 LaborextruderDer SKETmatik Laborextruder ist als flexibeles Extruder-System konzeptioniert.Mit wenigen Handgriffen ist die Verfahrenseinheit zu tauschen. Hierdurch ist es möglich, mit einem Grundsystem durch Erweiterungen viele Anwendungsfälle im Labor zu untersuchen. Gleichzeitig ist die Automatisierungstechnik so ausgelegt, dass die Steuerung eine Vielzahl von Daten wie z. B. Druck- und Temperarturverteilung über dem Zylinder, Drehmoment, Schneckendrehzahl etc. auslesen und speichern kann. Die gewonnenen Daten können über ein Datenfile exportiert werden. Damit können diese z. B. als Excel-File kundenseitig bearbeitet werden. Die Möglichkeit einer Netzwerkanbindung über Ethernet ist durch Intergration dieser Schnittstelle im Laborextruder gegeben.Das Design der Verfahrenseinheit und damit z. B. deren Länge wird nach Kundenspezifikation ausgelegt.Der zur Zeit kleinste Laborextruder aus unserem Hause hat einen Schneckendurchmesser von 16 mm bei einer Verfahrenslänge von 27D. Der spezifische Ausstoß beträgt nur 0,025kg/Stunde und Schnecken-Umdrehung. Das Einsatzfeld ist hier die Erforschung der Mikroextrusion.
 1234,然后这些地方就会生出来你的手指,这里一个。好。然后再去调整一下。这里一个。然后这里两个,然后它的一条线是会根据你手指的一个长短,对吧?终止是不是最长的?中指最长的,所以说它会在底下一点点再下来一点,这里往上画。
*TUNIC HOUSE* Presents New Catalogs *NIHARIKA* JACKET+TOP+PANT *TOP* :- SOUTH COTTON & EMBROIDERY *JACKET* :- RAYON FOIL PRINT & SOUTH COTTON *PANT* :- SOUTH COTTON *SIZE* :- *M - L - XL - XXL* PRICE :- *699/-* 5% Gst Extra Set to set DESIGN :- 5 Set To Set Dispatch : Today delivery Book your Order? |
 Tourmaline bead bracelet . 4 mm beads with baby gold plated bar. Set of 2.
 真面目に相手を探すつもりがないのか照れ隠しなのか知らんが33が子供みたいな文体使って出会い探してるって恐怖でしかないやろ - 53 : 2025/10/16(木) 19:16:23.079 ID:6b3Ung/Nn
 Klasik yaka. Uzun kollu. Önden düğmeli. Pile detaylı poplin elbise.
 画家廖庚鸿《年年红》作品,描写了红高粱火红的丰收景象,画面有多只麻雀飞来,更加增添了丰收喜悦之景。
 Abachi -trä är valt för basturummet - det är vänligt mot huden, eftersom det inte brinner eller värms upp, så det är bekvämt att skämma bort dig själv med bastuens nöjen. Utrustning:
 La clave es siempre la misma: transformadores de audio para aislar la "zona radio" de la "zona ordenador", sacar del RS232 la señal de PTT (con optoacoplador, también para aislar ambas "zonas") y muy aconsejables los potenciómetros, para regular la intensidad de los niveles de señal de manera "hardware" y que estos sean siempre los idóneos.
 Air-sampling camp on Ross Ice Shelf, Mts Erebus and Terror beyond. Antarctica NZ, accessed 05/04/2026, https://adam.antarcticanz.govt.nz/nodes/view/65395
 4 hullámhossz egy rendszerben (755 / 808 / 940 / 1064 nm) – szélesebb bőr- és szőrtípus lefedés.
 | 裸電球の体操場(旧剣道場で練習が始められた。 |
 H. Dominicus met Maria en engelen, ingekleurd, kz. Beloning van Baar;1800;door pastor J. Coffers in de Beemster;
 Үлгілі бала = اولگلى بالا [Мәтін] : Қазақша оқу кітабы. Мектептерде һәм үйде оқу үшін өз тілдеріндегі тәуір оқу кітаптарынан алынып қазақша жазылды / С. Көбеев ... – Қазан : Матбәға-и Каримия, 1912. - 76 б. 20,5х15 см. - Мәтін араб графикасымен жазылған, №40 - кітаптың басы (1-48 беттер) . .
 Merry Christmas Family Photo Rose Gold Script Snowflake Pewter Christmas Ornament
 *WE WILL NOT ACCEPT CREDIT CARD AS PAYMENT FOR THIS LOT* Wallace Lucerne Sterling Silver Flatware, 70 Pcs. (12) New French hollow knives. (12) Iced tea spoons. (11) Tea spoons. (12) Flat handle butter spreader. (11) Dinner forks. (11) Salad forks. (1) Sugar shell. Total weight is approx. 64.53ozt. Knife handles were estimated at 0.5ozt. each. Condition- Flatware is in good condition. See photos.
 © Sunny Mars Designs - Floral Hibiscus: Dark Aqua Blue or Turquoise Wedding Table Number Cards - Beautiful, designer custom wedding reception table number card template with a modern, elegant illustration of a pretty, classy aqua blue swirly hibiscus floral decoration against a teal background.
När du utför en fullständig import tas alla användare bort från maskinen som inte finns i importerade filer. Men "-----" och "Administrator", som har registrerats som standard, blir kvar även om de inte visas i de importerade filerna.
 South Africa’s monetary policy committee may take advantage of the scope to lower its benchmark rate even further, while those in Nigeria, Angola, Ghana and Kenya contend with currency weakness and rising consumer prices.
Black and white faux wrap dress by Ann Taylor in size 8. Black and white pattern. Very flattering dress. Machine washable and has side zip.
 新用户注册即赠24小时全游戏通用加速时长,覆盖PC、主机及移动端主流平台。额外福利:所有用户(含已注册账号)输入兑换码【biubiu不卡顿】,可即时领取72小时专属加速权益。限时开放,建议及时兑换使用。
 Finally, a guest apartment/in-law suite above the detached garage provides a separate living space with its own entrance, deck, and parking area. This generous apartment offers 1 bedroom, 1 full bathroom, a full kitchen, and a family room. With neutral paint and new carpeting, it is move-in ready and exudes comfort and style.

************

▸ **Required work**
Copy, exactly and only, the lines above that begin with the one containing "Merry Christmas Family" and finish with the one containing "När du utför".

▸ **Problem solution**
 Merry Christmas Family Photo Rose Gold Script Snowflake Pewter Christmas Ornament
 *WE WILL NOT ACCEPT CREDIT CARD AS PAYMENT FOR THIS LOT* Wallace Lucerne Sterling Silver Flatware, 70 Pcs. (12) New French hollow knives. (12) Iced tea spoons. (11) Tea spoons. (12) Flat handle butter spreader. (11) Dinner forks. (11) Salad forks. (1) Sugar shell. Total weight is approx. 64.53ozt. Knife handles were estimated at 0.5ozt. each. Condition- Flatware is in good condition. See photos.
 © Sunny Mars Designs - Floral Hibiscus: Dark Aqua Blue or Turquoise Wedding Table Number Cards - Beautiful, designer custom wedding reception table number card template with a modern, elegant illustration of a pretty, classy aqua blue swirly hibiscus floral decoration against a teal background.
När du utför en fullständig import tas alla användare bort från maskinen som inte finns i importerade filer. Men "-----" och "Administrator", som har registrerats som standard, blir kvar även om de inte visas i de importerade filerna.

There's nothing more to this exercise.